Looking forward to your answers.
Best regards
Kendels
another way of doing the same thing, which you might find easier to understand (if you are new to sql it is impressive you have got so far), is:
SELECT tls206_person.person_name, tls201_appln.nb_applicants
FROM tls206_person, tls207_pers_appln, tls201_appln
WHERE tls206_person.person_id = tls207_pers_appln.person_id
AND tls201_appln.appln_id = tls201_appln.appln_id
AND tls206_person.person_name LIKE "%Samsung%"
AND tls201_appln.nb_applicants > 1
AND tls201_appln.ipr_type = "PI"
(it's equivalent to the other answer, but instead of trying to understand the JOIN syntax, you just write out all the logic and SQL is smart enough to make it work - this is often called the "new" or "ISO" inner join syntax, if you want to google for more info) (although it is possible, i suppose, that this newer syntax isn't supported by the database you are using).
You are referencing the table tls201_appln, but it is not in the from clause.

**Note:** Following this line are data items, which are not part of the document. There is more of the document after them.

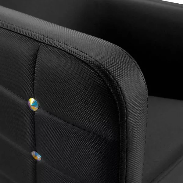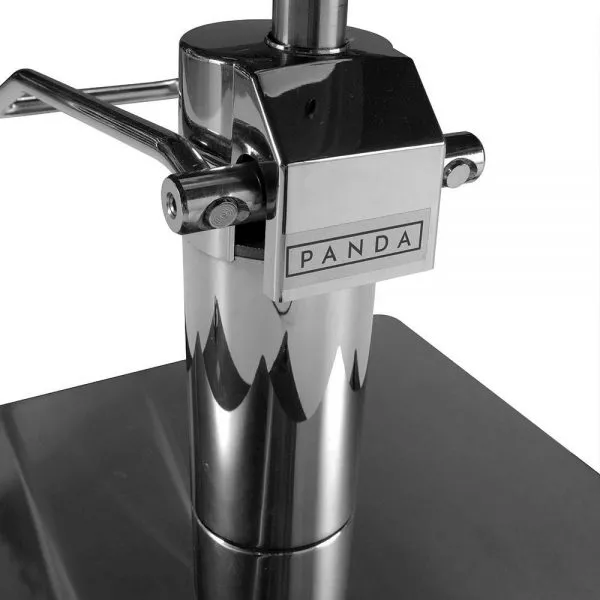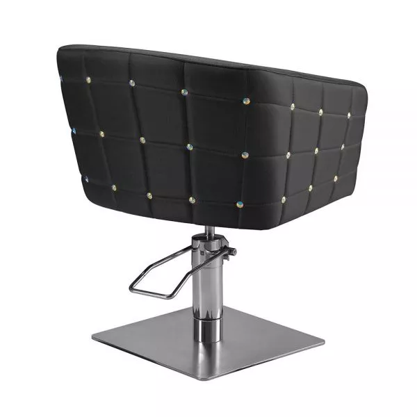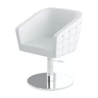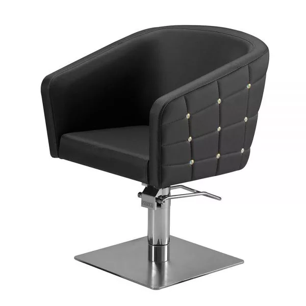 Fotel fryzjerski z wygodnym oparciem, osadzony na gustownej chromowanej kolumnie hydraulicznej z kwadratową podstawą. Siedzisko profilowane ergonomicznie.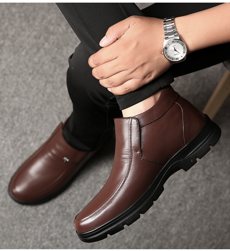 【トップ牛革】秋冬男性本革カジュアルシューズビジネスベルベット保温綿革靴男性綿靴お父さん靴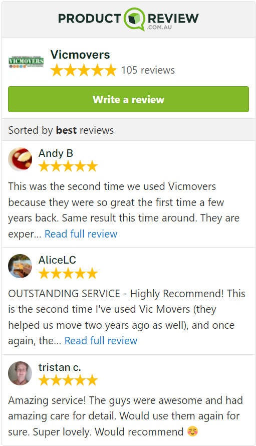 Don’t just take our word for it — see why Melbourne trusts Vicmovers. From Google Reviews and ProductReview to Yellow Pages, TrueLocal, Word of Mouth, and Facebook, our 5-star service leaves a lasting impression wherever customers share their stories.

I am guessing that the second reference to tls207_pers_appln should be to the other table:
SELECT person_name, tls201_appln.nb_applicants
FROM tls206_person
INNER JOIN tls207_pers_appln ON tls206_person.person_id = tls207_pers_appln.person_id
INNER JOIN tls201_appln ON tls201_appln.appln_id = tls207_pers_appln.appln_id
WHERE person_name like '%Samsung%"'
AND tls201_appln.nb_applicants > 1
AND tls201_appln.ipr_type = "PI"
For my thesis I need to do a SQL query answering the question: "Give me all patents of a company X where there is more than one applicant (other company) in a specific time span".

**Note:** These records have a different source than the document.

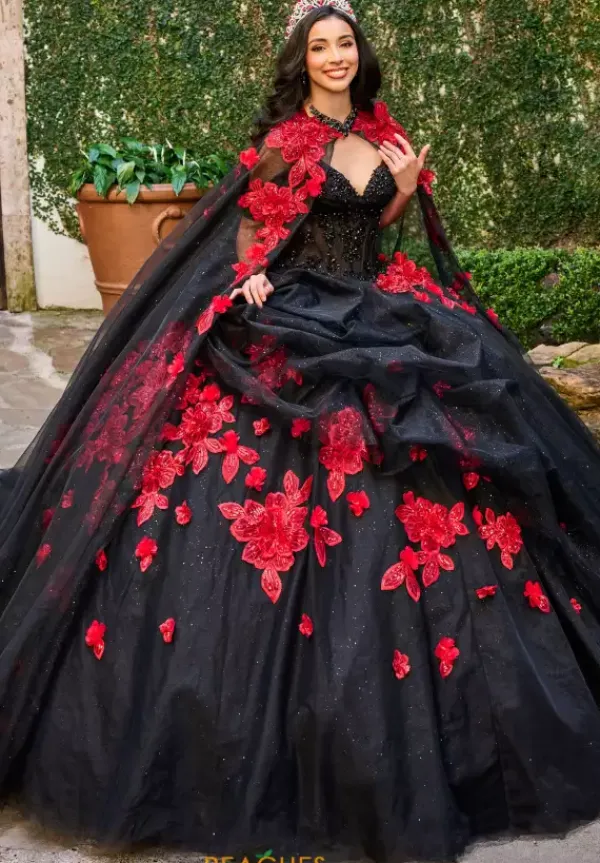 Stop the show upon your entrance in the extravagant quinceanera dress style RQ1144 Rachel Allan Quince. Featuring the illusion bodice that is loving adorned with meticulous beadwork and is enclosed with a full corset lace back. The full tulle skirt is complimented with ruffles and intricate floral appliques. Long cape sold separately as QS1144.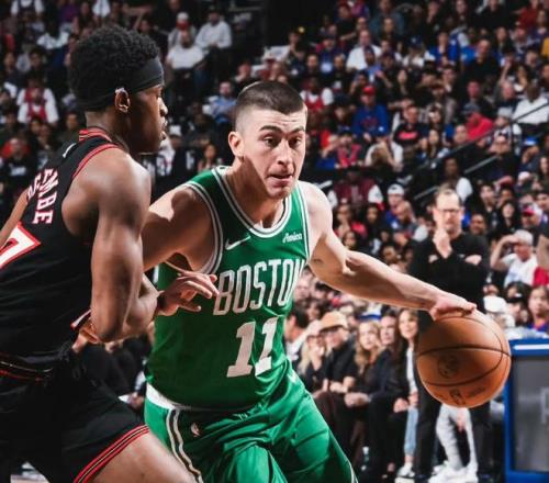 本场比赛,双方在首发阵容上面,76人这边派出的是,马克西,乔治,乌布雷,博纳,埃奇库姆。凯尔特人这边派出的是,塔图姆,布朗,怀特,豪瑟和克塔。首节比赛开始,凯尔特人率先拿到球权,布朗节奏变换上篮得手,打进本场比赛首个进球,埃奇库姆闪电突破飞身抛投也为76人开张,乌布雷的底角三分开火一击命中,博纳篮下强起,自投自抢补扣得手,普理查德的定点三分开火一箭穿心,马克西不甘示弱,追身大号三分立马回应一球,布朗的正面干拔三分球同样也进。马克西借助掩护,电光火石上篮挑落两分,武切维奇的侧翼三分发炮空心入网。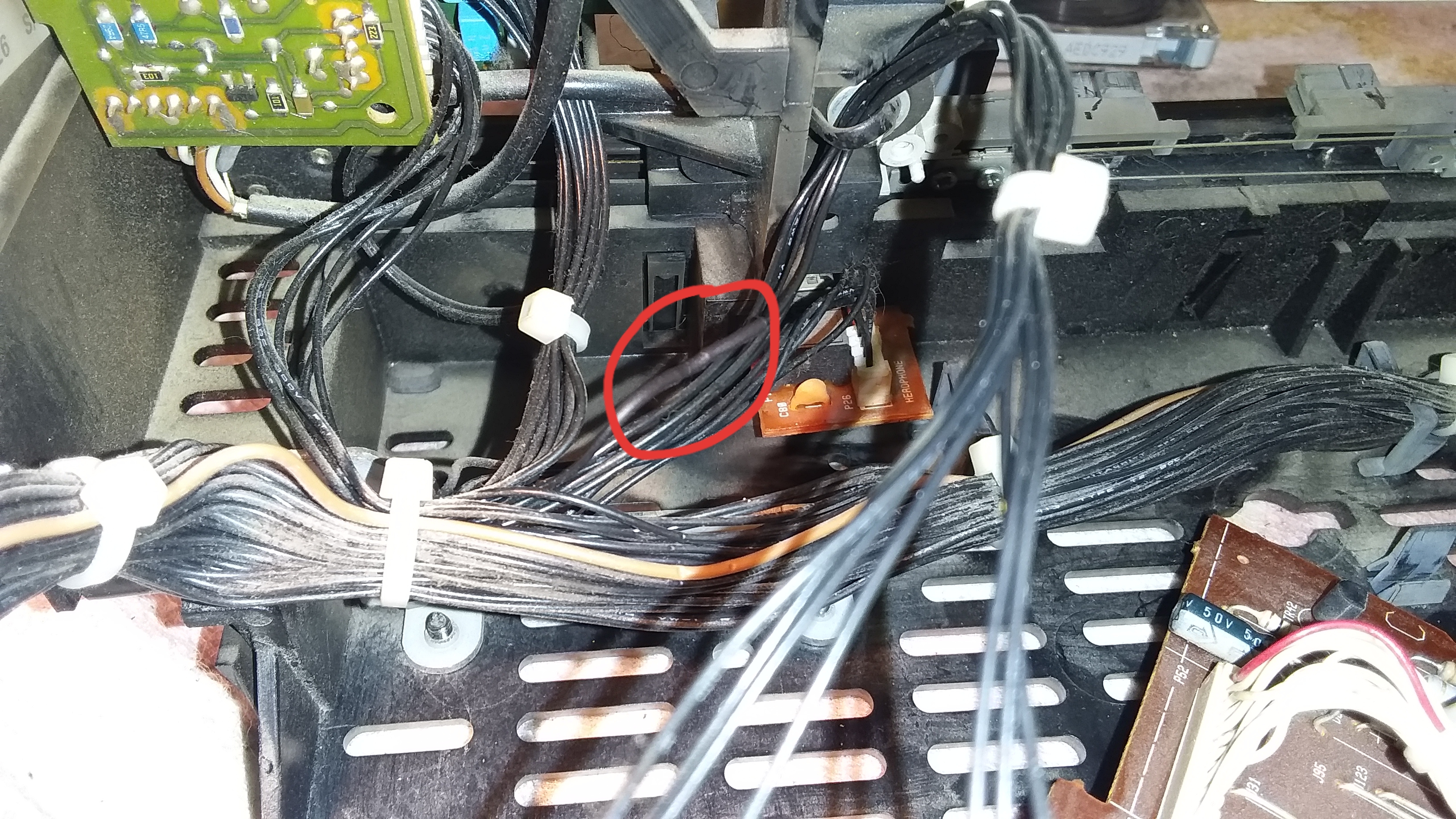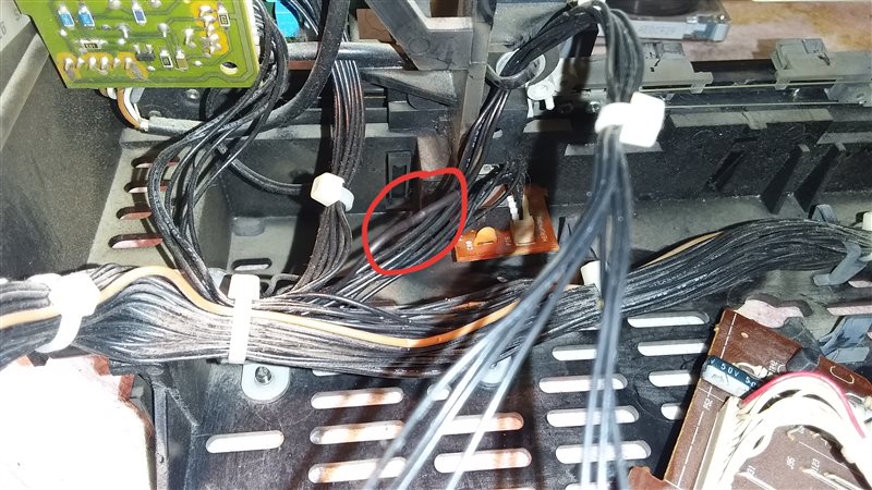 Die kleine Platine (PCB94) auf dem Laufwerk wurde nicht getauscht, sondern nur zum Riemenwechsel abgenommen.

Let me rephrase that for you :
SELECT * FROM patents p -- : "Give me all patents
WHERE p.company = 'X' -- of a company X
AND EXISTS ( -- where there is
SELECT *
FROM applicants x1
WHERE x1.patent_id = p.patent_id
AND x1.company <> 'X' -- another company:: exclude ourselves
AND x1.application_date >= $begin_date -- in a specific time span
AND x1.application_date < $end_date
-- more than one applicant (other company)

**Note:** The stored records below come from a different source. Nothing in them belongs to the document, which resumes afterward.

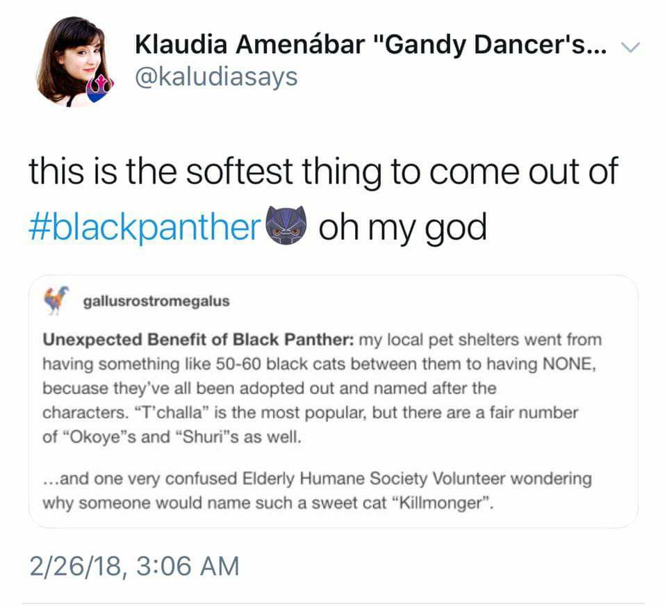 blackpanther-catadoptions Published February 26, 2018 at 960 × 872 in ‘Black Panther’ Is Inspiring People to Adopt Black Cats ← Previous Next →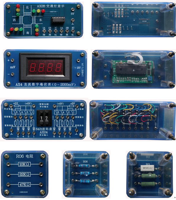 實(shí)訓(xùn)模塊由透明元件盒及PCB板構(gòu)成,元件盒是組合式透明元件盒,元件盒單元組采用多元件、典型實(shí)訓(xùn)單元電路、典型傳感器、通用集成電路插座等制成,可根據(jù)實(shí)訓(xùn)需要方便地組合成不同的電工電子實(shí)訓(xùn)線路;使實(shí)訓(xùn)具有開放性和創(chuàng)新性,元件盒體由透明有機(jī)工程塑料注塑而成,具有示教功能,使使用者能夠觀察到元件形狀和接線方式,有利于教師講解和學(xué)生認(rèn)識(shí);面板采用PCB制作而成,表面清爽、符號(hào)線路清晰、表面耐磨損、元件更換容易;面板上標(biāo)志的元件電路符號(hào)采用最新國(guó)家標(biāo)準(zhǔn),具有整體結(jié)構(gòu)緊湊、外形美觀大方、安裝簡(jiǎn)單、使用保管方便等特點(diǎn)。導(dǎo)線插孔采用防轉(zhuǎn)座,導(dǎo)線裝有彈性插頭可在模塊上面插接,以保證可靠連接進(jìn)行各種實(shí)訓(xùn);實(shí)訓(xùn)時(shí)可根據(jù)實(shí)訓(xùn)內(nèi)容和技能訓(xùn)練的需要,方便的任意組合實(shí)訓(xùn)線路,以完成不同的實(shí)訓(xùn)項(xiàng)目等。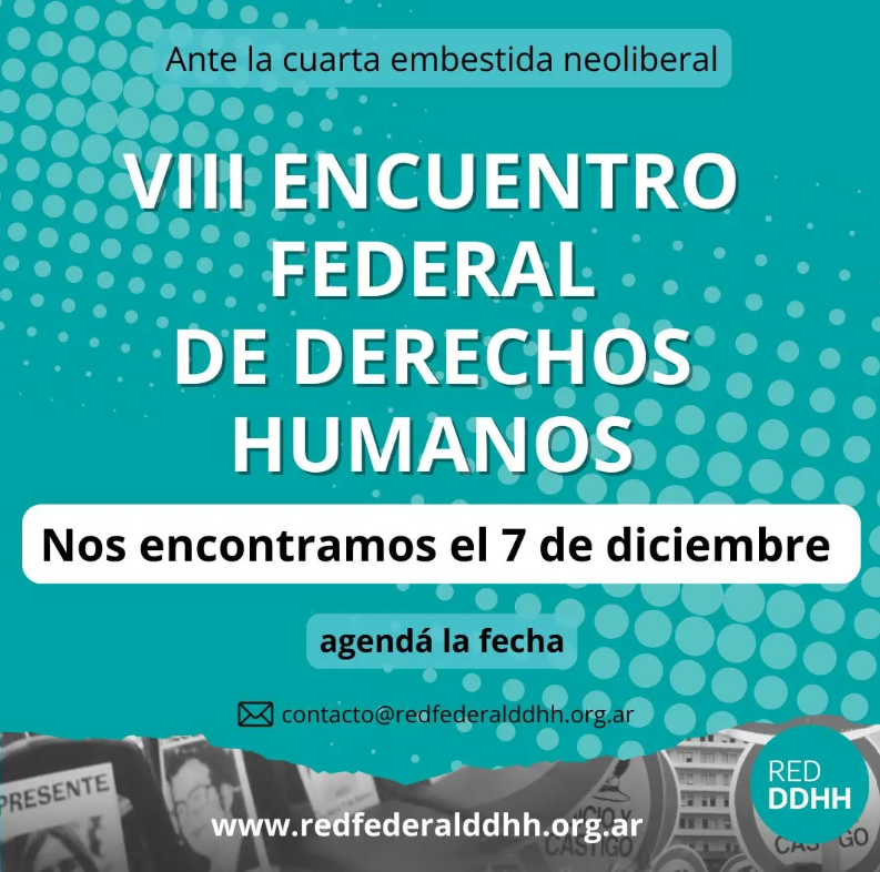 La Red Federal de Derechos Humanos organiza el VIII Encuentro Federal de Derechos Humanos, este sábado 7 de diciembre en la sede de la Universidad Nacional de Avellaneda. Se debatirá un amplio temario en comisiones y ya se encuentran abiertas las inscripciones para participar.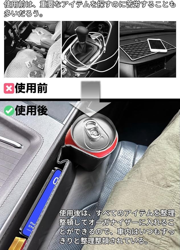 [大容量ストレージ]:合理的な室内空間設計は、さまざまな雑貨を収納でき、車内をすっきりと整頓できる。ティッシュ、小さなスナック、グラス、鍵など、様々な雑貨を簡単に収納でき、車内での不規則な散乱を避けることができる。 縁が高くなっているので、運転中の落下を効果的に防ぎます。 また、内部は柔らかいパッド素材でできており、収納物を傷から守り、走行中の騒音を軽減します。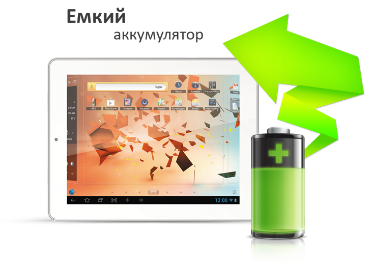 Благодаря современному менее энергозатратному процессору и емкому аккумулятору 8500 мАч пользователи смогут длительное время наслаждаться всеми преимуществами новинки, например, одного заряда хватит для просмотра двух или трех фильмов (до 6-ти часов видео).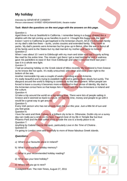 My holiday Interview by GENEVIEVE CARBERY Person interviewed: NYREE YERGAINHARSIAN, theatre-maker Task: Match the questions on the next page with the answers on this page. Question 1: Aged three or five at SeaWorld in California. remember being in buggy shaped like dolphin with the tail coming up as handles to push it. thought this buggy was the bees knees! went to California to get baptised in the Armenian church. All of my Armenian family on my dads side live there – aunts, uncles cousins and extended family. They travel in packs. My dads parents were Armenian but he grew up in Beirut. After the war in Beirut all of his family went to the States but my dad married my mother and came to Ireland. Question 2: When was about 10 went to Edinburgh with my mum and sister and had cavity aching like mad for the entire time. The minute got there got mad toothache until waitress gave me painkillers to ease it! But love Edinburgh and when returned there last year saw it in whole new light. Question 3: had an amazing holiday on the Greek island of Milos recently. My boyfriend is from Greece so he knows the hot spots. Its really untouched; with clean and clear water right to the bottom of the sea. Another memorable trip was couple of weeks travelling around Armenia. Its really beautiful and is trying to establish itself and is getting there slowly but surely. The diaspora around the world is helping to contribute to this development. When people are forced to leave country it becomes more embedded in their sense of identity. My dad is the Armenian consul here so that keeps him in touch with the few Armenians in Ireland and the culture. Question 4: Id take trip around the world on big sailing boat. There were lots of people sailing in Greece and it seemed so back-to-nature. If had the time, money and people to go with it would be great way to get around. Question 5: Every Irish person who has not already seen the sun this year. Just little bit of sun and you feel great. Question 6: love the west and think Galway is brilliant city to be in. Otherwise, Dublin city on sunny day can really put smile on my face. spend most of my life in Temple Bar but love Phoenix Park and the little coffee shop outside the zoo is lovely place to sit. Question 7: Anything by Gabriel García Márquez, particularly Love in the Time of Cholera Question 8: Im going to London soon and hopefully to more of those fabulous Greek islands. Questions: a) Whats your favourite place in Ireland? b) Whats your earliest holiday memory? c) What is your recommended holiday reading? d) What was your best holiday? e) Where will you go to next? Adapted from: The Irish Times, August 27, 2011 f) If budget or work were no restriction, what would be your dream holiday? g) What was your worst holiday? h) Who would you bring on holiday with you if you had your pick? Answer the following questions to the interview My Holiday. Mark the paragraph where you found your answers. 1. Where is Nyrees father originally from? 2. What is his job? 3. Who did Nyree go to Greece with and where did she spend her time there? 4. What does she like to read? 5. Why and at what age did she go to California? 6. What does she say about the sun? 7. What was her problem when she was in Edinburgh? 8. Is Nyree interested in sailing? 9. What does she think of the Greek islands? 10. Which places mentioned in the interview would you like to visit? Why would you like to go there? Adapted from: The Irish Times, August 27, 2011

-- To avoid aggregation: Just repeat the same subquery
AND EXISTS ( -- where there is
SELECT *
FROM applicants x2
WHERE x2.patent_id = p.patent_id
AND x2.company <> 'X' -- another company:: exclude ourselves
AND x2.company <> x1.company -- :: exclude other other company, too
AND x2.application_date >= $begin_date -- in a specific time span
AND x2.application_date < $end_date
)
)
;
[Note: Since the OP did not give any table definitions, I had to invent these]
This is not the perfect query, but it does express your intentions. Given sane keys/indexes it will perform reasonably, too.